MATERIAL PROVIDED –

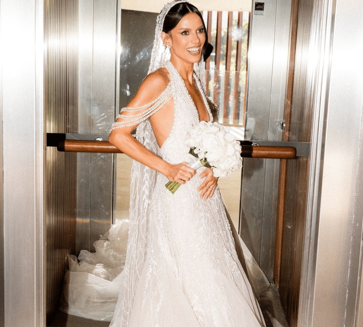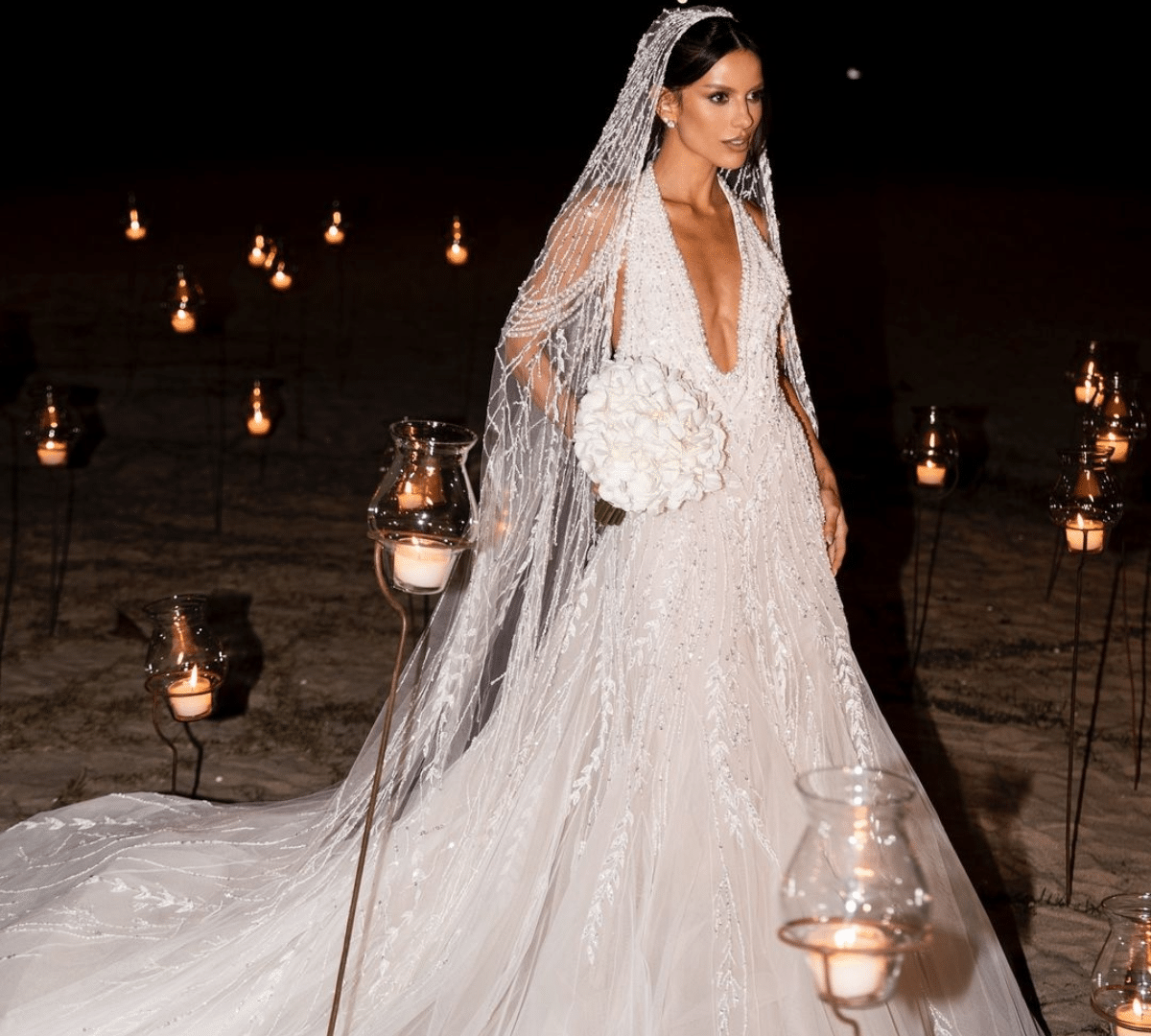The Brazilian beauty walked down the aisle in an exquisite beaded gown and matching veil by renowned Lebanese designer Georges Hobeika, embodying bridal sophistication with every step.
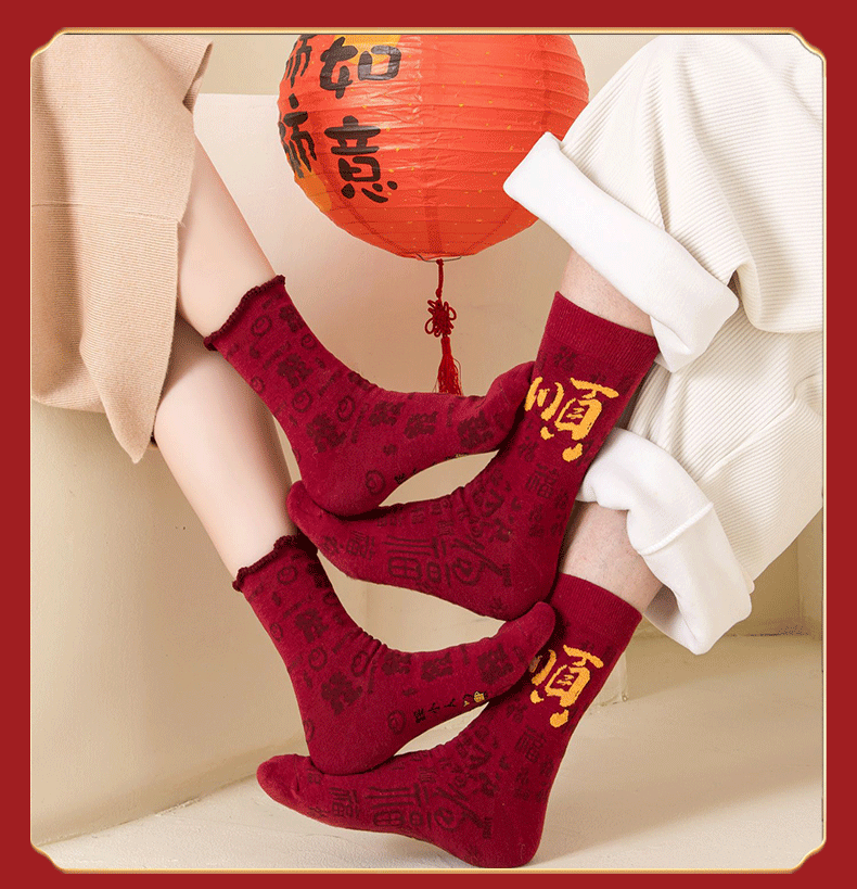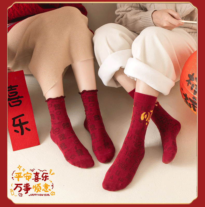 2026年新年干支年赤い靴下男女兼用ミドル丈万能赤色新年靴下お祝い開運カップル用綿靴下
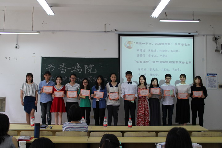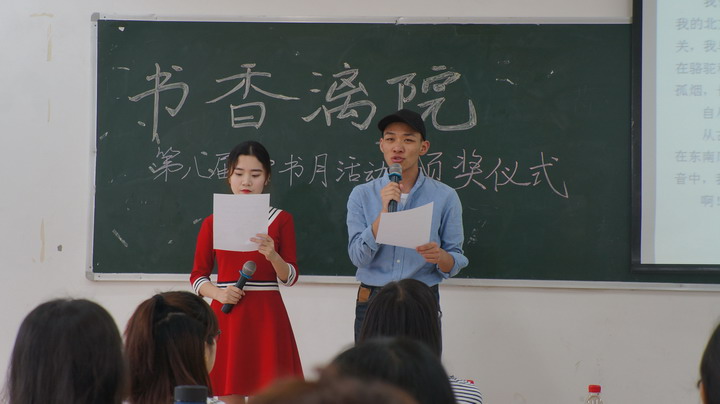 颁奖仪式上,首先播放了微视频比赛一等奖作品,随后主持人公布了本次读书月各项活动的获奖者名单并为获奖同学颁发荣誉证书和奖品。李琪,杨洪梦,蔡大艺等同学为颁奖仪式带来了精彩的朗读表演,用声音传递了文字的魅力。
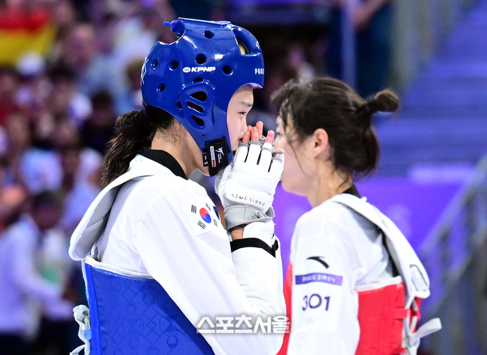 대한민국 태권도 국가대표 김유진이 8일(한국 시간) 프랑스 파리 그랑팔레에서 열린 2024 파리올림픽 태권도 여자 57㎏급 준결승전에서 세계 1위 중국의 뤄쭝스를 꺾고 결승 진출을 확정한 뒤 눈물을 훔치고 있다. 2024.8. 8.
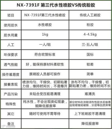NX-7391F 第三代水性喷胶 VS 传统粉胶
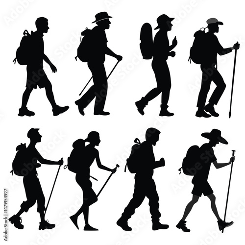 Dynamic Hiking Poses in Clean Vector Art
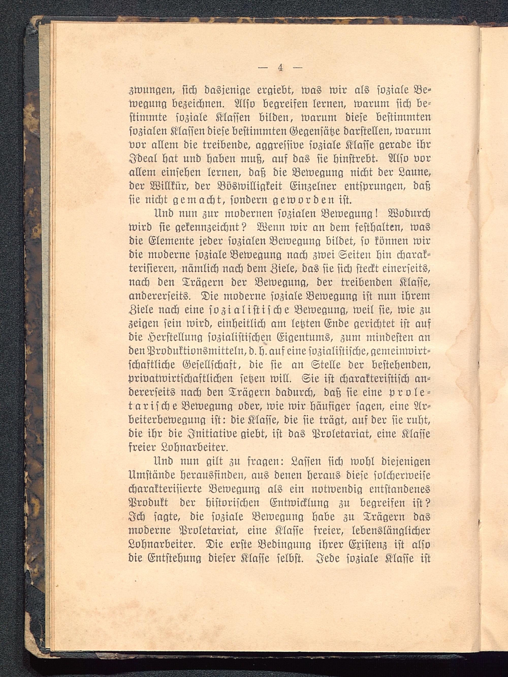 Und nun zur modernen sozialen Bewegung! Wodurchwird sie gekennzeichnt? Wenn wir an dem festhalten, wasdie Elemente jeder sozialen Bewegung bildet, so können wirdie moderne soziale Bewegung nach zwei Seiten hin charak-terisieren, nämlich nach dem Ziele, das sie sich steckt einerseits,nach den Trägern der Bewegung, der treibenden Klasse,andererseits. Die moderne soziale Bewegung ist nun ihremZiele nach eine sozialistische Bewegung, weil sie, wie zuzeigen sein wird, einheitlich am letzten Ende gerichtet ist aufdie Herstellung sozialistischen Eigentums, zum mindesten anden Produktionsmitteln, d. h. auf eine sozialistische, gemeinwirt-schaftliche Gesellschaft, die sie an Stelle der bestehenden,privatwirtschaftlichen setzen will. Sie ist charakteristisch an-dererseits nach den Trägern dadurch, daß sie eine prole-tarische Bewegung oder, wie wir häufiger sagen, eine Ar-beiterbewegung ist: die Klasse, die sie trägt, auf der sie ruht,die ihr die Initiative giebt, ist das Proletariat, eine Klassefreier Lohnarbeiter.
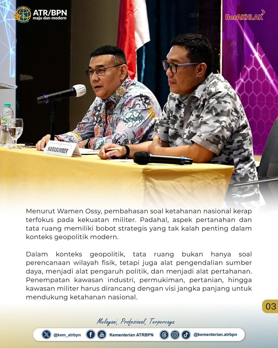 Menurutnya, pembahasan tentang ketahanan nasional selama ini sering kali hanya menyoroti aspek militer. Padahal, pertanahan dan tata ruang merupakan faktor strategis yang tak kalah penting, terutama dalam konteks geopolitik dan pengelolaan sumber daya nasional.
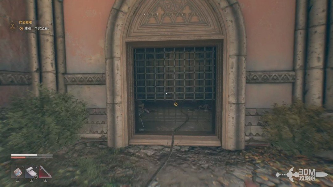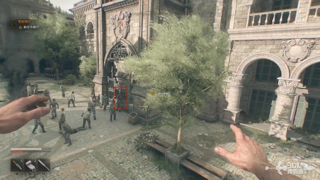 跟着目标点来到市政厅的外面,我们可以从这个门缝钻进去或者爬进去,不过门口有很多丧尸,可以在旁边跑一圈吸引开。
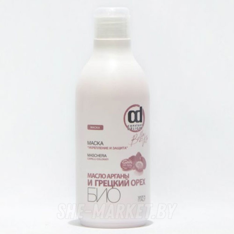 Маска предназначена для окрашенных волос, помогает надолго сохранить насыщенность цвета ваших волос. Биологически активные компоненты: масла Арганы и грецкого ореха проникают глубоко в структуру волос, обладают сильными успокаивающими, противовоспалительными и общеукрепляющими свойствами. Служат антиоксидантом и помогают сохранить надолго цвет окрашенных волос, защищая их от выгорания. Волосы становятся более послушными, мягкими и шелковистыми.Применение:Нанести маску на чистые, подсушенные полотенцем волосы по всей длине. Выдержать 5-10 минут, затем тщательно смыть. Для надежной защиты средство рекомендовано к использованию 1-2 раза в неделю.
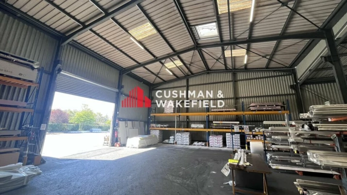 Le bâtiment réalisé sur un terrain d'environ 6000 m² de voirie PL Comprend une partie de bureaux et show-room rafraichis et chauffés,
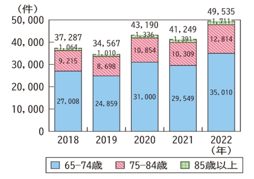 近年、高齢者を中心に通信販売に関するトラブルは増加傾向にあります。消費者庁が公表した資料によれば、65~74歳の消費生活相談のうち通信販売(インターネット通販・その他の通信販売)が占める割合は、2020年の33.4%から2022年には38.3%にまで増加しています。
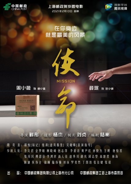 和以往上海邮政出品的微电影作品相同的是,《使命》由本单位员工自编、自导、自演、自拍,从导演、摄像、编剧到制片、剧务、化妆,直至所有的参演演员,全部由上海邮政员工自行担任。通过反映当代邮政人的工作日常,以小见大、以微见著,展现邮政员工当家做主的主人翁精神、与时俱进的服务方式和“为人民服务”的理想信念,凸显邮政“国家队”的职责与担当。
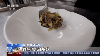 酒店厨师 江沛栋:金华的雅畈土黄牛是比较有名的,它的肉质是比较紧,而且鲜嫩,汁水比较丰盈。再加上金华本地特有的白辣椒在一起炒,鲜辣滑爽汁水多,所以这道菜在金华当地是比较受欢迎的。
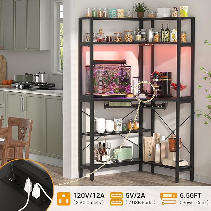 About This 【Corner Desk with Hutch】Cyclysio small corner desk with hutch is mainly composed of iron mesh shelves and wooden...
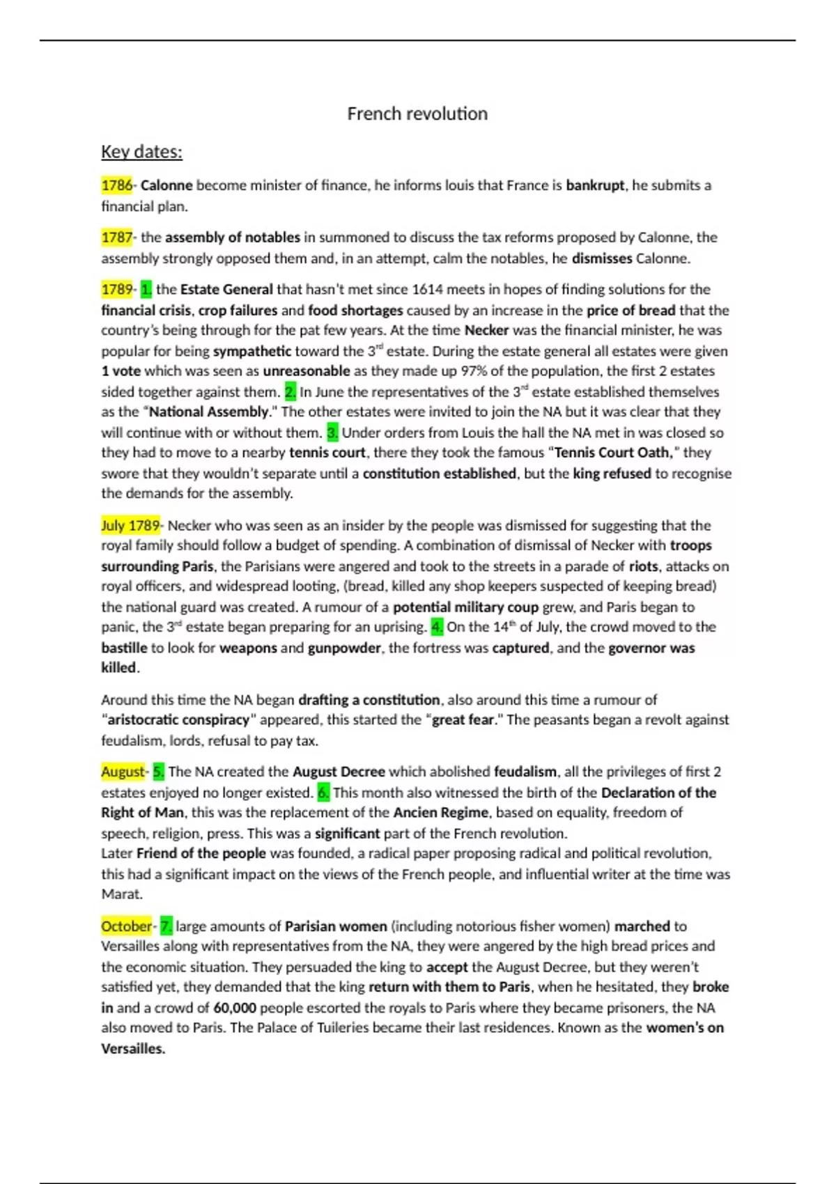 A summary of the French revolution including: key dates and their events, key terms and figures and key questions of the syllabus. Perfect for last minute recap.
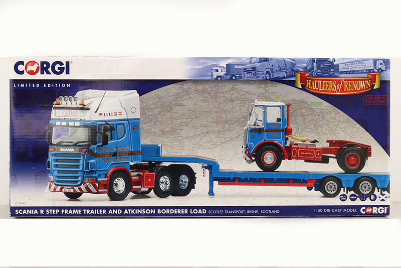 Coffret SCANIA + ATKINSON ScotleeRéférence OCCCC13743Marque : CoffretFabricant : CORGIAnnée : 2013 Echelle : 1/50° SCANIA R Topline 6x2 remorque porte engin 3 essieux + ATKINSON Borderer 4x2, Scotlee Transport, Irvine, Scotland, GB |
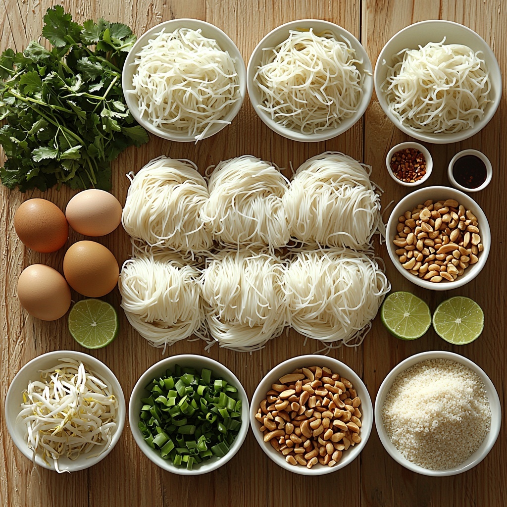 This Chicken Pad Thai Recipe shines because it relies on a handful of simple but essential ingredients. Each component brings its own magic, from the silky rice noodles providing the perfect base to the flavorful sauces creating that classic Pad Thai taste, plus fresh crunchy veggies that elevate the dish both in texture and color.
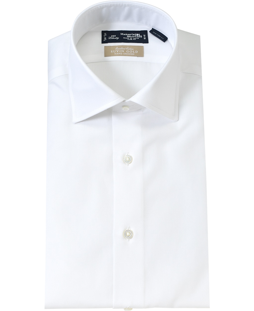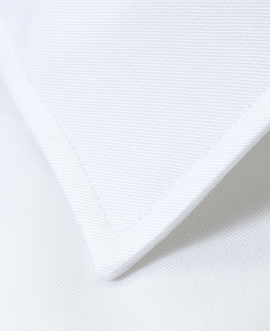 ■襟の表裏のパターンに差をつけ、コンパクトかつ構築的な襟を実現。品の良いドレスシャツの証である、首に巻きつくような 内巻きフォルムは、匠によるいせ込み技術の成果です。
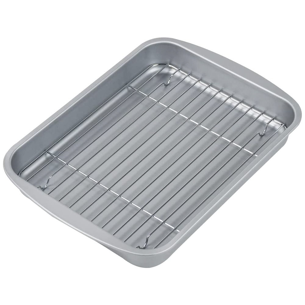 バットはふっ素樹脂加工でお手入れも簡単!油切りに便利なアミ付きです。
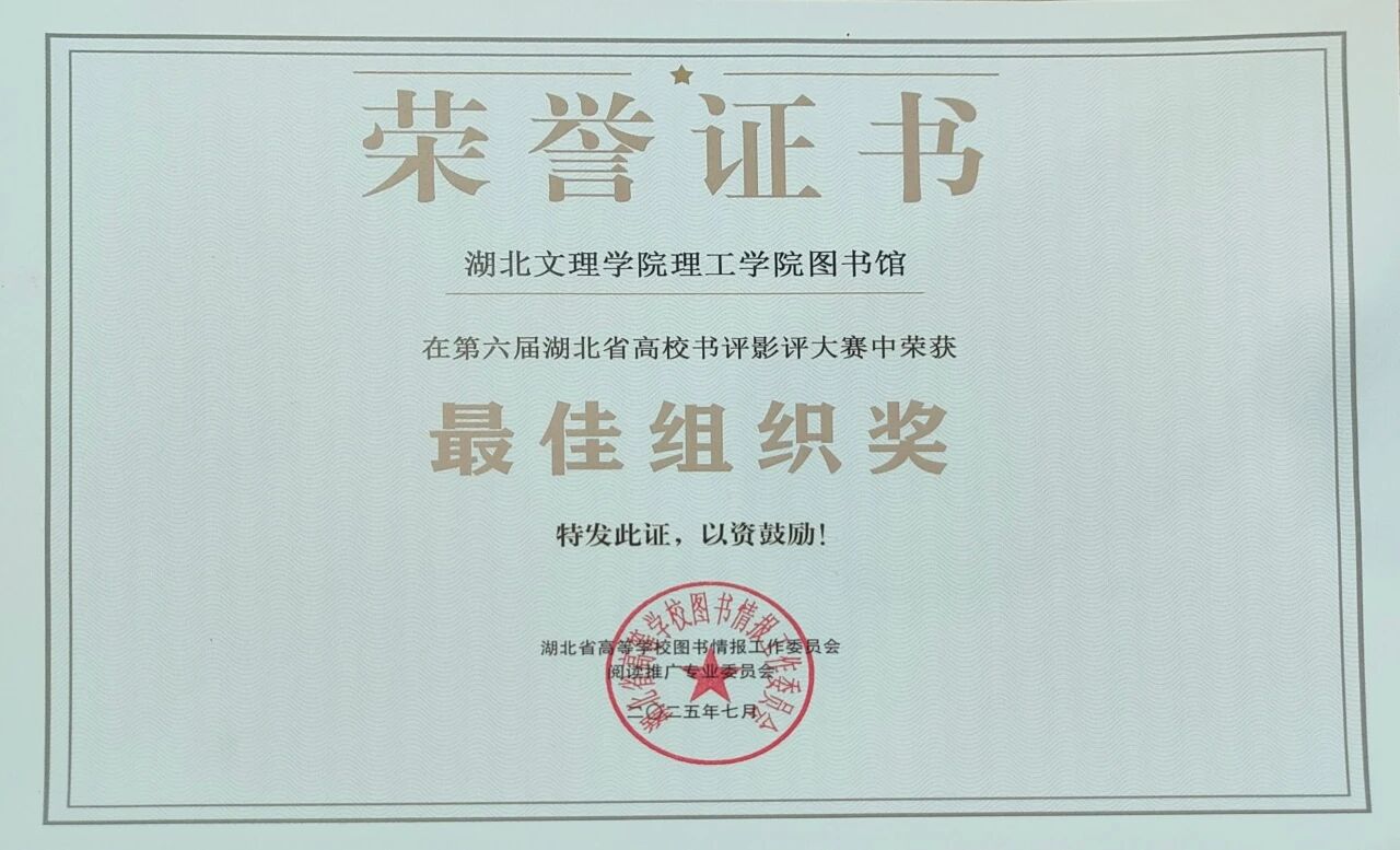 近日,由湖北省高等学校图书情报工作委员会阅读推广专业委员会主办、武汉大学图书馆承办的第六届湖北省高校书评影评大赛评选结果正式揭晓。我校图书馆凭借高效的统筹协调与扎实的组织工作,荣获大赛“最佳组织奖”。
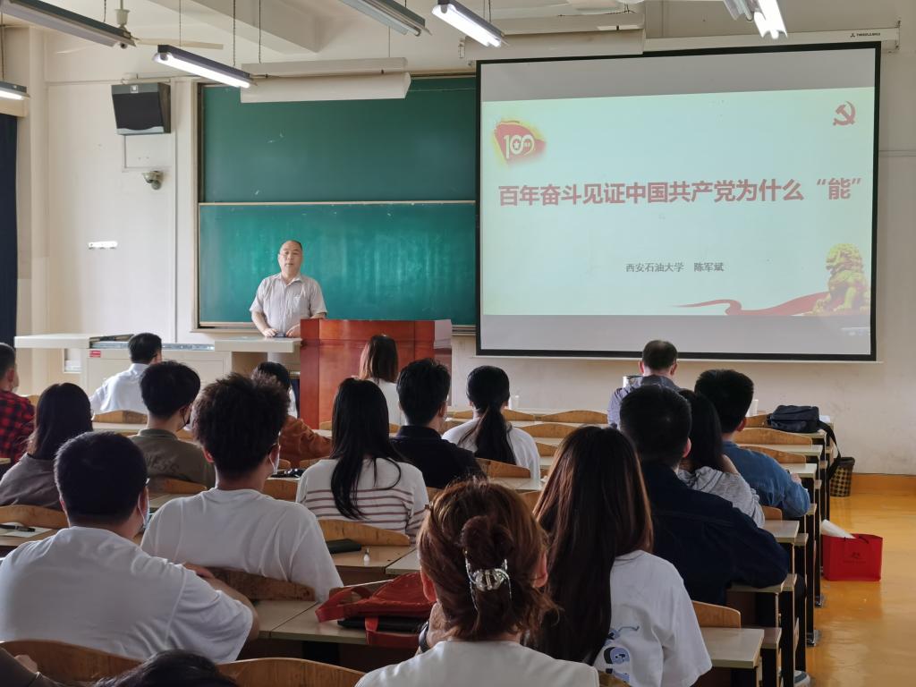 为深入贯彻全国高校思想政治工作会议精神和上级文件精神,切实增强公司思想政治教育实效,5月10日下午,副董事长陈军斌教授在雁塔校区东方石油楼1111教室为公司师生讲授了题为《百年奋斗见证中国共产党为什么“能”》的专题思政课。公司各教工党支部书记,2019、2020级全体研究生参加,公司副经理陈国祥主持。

WHAT YOU ARE ASKED TO DO – Of the lines above, copy only those from the one holding "Маска предназначена для" to the one holding "バットはふっ素樹脂加工でお手入れも簡単!油切りに便利なアミ付きです。", both included, and exclude every image.

ANSWER BELOW –
 Маска предназначена для окрашенных волос, помогает надолго сохранить насыщенность цвета ваших волос. Биологически активные компоненты: масла Арганы и грецкого ореха проникают глубоко в структуру волос, обладают сильными успокаивающими, противовоспалительными и общеукрепляющими свойствами. Служат антиоксидантом и помогают сохранить надолго цвет окрашенных волос, защищая их от выгорания. Волосы становятся более послушными, мягкими и шелковистыми.Применение:Нанести маску на чистые, подсушенные полотенцем волосы по всей длине. Выдержать 5-10 минут, затем тщательно смыть. Для надежной защиты средство рекомендовано к использованию 1-2 раза в неделю.
 Le bâtiment réalisé sur un terrain d'environ 6000 m² de voirie PL Comprend une partie de bureaux et show-room rafraichis et chauffés,
 近年、高齢者を中心に通信販売に関するトラブルは増加傾向にあります。消費者庁が公表した資料によれば、65~74歳の消費生活相談のうち通信販売(インターネット通販・その他の通信販売)が占める割合は、2020年の33.4%から2022年には38.3%にまで増加しています。
 和以往上海邮政出品的微电影作品相同的是,《使命》由本单位员工自编、自导、自演、自拍,从导演、摄像、编剧到制片、剧务、化妆,直至所有的参演演员,全部由上海邮政员工自行担任。通过反映当代邮政人的工作日常,以小见大、以微见著,展现邮政员工当家做主的主人翁精神、与时俱进的服务方式和“为人民服务”的理想信念,凸显邮政“国家队”的职责与担当。
 酒店厨师 江沛栋:金华的雅畈土黄牛是比较有名的,它的肉质是比较紧,而且鲜嫩,汁水比较丰盈。再加上金华本地特有的白辣椒在一起炒,鲜辣滑爽汁水多,所以这道菜在金华当地是比较受欢迎的。
 About This 【Corner Desk with Hutch】Cyclysio small corner desk with hutch is mainly composed of iron mesh shelves and wooden...
 A summary of the French revolution including: key dates and their events, key terms and figures and key questions of the syllabus. Perfect for last minute recap.
 Coffret SCANIA + ATKINSON ScotleeRéférence OCCCC13743Marque : CoffretFabricant : CORGIAnnée : 2013 Echelle : 1/50° SCANIA R Topline 6x2 remorque porte engin 3 essieux + ATKINSON Borderer 4x2, Scotlee Transport, Irvine, Scotland, GB |
 This Chicken Pad Thai Recipe shines because it relies on a handful of simple but essential ingredients. Each component brings its own magic, from the silky rice noodles providing the perfect base to the flavorful sauces creating that classic Pad Thai taste, plus fresh crunchy veggies that elevate the dish both in texture and color.
 ■襟の表裏のパターンに差をつけ、コンパクトかつ構築的な襟を実現。品の良いドレスシャツの証である、首に巻きつくような 内巻きフォルムは、匠によるいせ込み技術の成果です。
 バットはふっ素樹脂加工でお手入れも簡単!油切りに便利なアミ付きです。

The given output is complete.